• [Task description] Any picture in the listing is left out of the copy; all else is duplicated exactly.

• [Dataset excerpt]

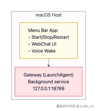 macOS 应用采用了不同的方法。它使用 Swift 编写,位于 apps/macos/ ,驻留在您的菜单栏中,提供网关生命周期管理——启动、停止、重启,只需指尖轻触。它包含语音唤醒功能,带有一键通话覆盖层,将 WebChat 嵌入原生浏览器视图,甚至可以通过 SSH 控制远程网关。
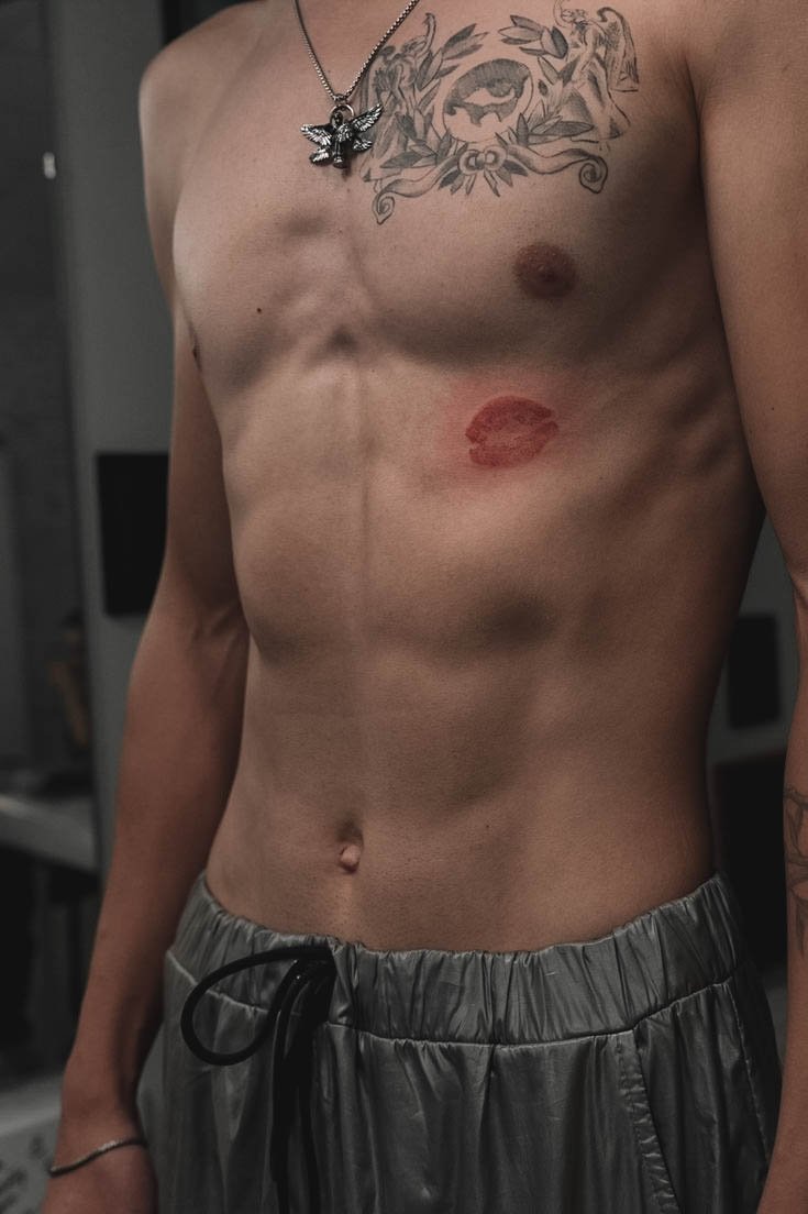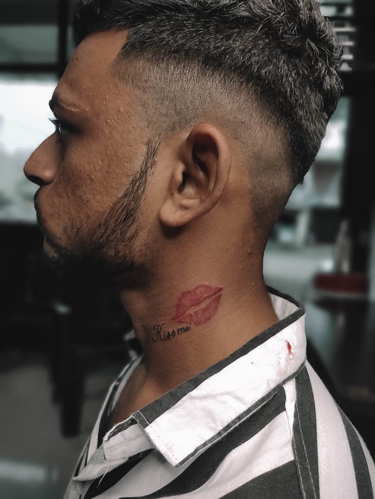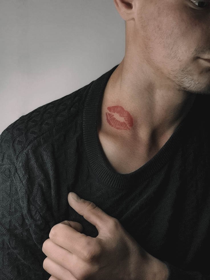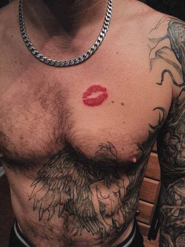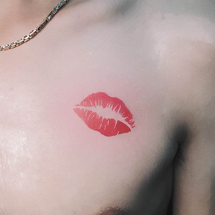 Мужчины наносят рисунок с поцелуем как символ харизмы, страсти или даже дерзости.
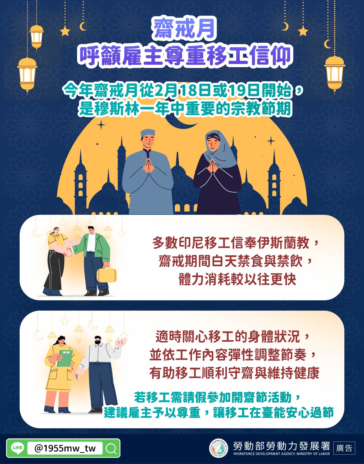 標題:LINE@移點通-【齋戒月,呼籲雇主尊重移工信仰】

• [Worked solution]
 macOS 应用采用了不同的方法。它使用 Swift 编写,位于 apps/macos/ ,驻留在您的菜单栏中,提供网关生命周期管理——启动、停止、重启,只需指尖轻触。它包含语音唤醒功能,带有一键通话覆盖层,将 WebChat 嵌入原生浏览器视图,甚至可以通过 SSH 控制远程网关。
 Мужчины наносят рисунок с поцелуем как символ харизмы, страсти или даже дерзости.
 標題:LINE@移點通-【齋戒月,呼籲雇主尊重移工信仰】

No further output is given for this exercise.